In 2019 and 2020, the annual growth rate of atmospheric methane almost doubled, despite COVID-19-related lockdowns that drastically reduced greenhouse gas emissions overall.
“Why is that? We just didn’t know,” said Euan Nisbet, emeritus professor of Earth sciences at the Royal Holloway University of London.
Although the debate is far from settled, a new paper suggests the methane spike was a result of natural, weather-related wetland emissions and changes in atmospheric chemistry associated with COVID-19-related lockdowns.
Radicals and Emissions
Methane levels have been rising since the Industrial Revolution, but scientists noticed a discrete spike between 2019 and 2023. Prior to this period, methane was increasing at a more moderate pace, for example, 8.7 parts per billion per year in 2018. This annual growth rate rose to more than 9 parts per billion per year in 2019 and surged to 16.2 parts per billion per year in 2020 before falling back to 8.6 parts per billion per year by 2023.
Most analyses attributed the surge to increased weather-related emissions from tropical wetlands and ruminant animals like cows and bison.

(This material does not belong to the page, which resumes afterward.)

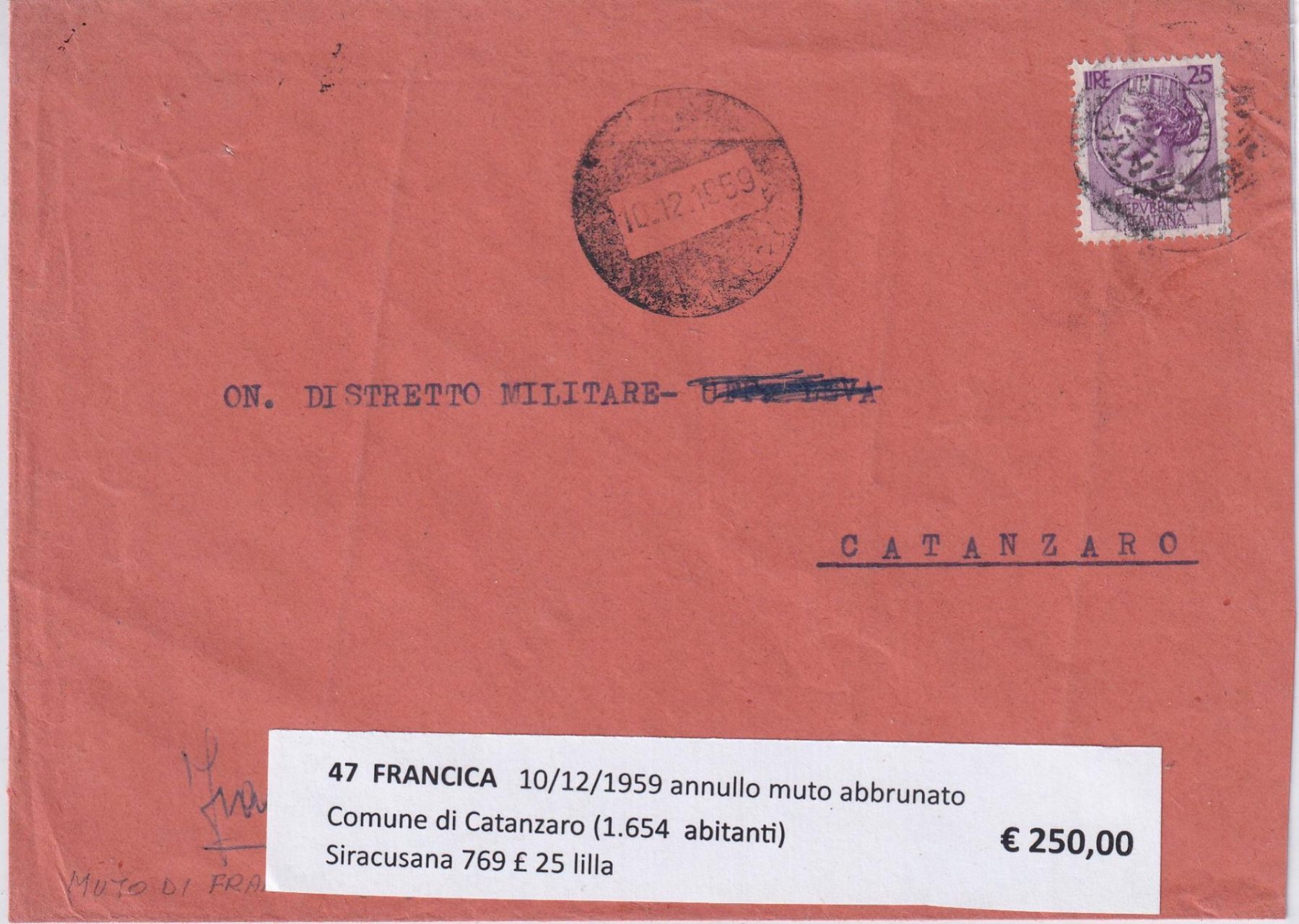 Da FRANCICA Comune di Catanzaro (1.654 abitanti) (10/12/1959)

But the new study, published last month in Science, offers a more comprehensive explanation, one in which changes in atmospheric chemistry associated with COVID-19 shutdowns also contributed to increased methane levels.
Starting in 2020, governments introduced a series of lockdowns to stop the spread of COVID-19: Cars came off the roads, planes sat on the tarmac, the world was put on pause.

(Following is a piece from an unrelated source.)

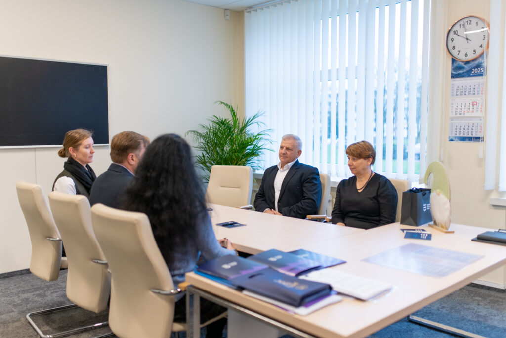 Svečius pasitiko Kolegijos direktorius dr. Remigijus Kinderis, direktoriaus pavaduotoja studijoms ir mokslui dr. Jurga Kučinskienė bei direktoriaus pavaduotoja strateginei plėtrai Jurgita Raišytė.

Carbon emissions declined by 2.4 billion tons, and emissions of other greenhouse gases also fell. Among those gases were nitrogen oxides (NOx), which serve as precursor gases that contribute to the formation of hydroxyl radicals (OH) in the atmosphere.
“OH is essentially the laundry of the air.”
Reduced NOx concentrations weakened the photochemical cycling that sustains hydroxyl radicals, leading to a decline in atmospheric OH.
“OH is essentially the laundry of the air,” explained Nisbet, who was not involved in the new research but coauthored an accompanying perspective in the same issue of Science. OH radicals are largely responsible for converting methane to carbon dioxide and water vapor, therefore acting as an atmospheric methane sink.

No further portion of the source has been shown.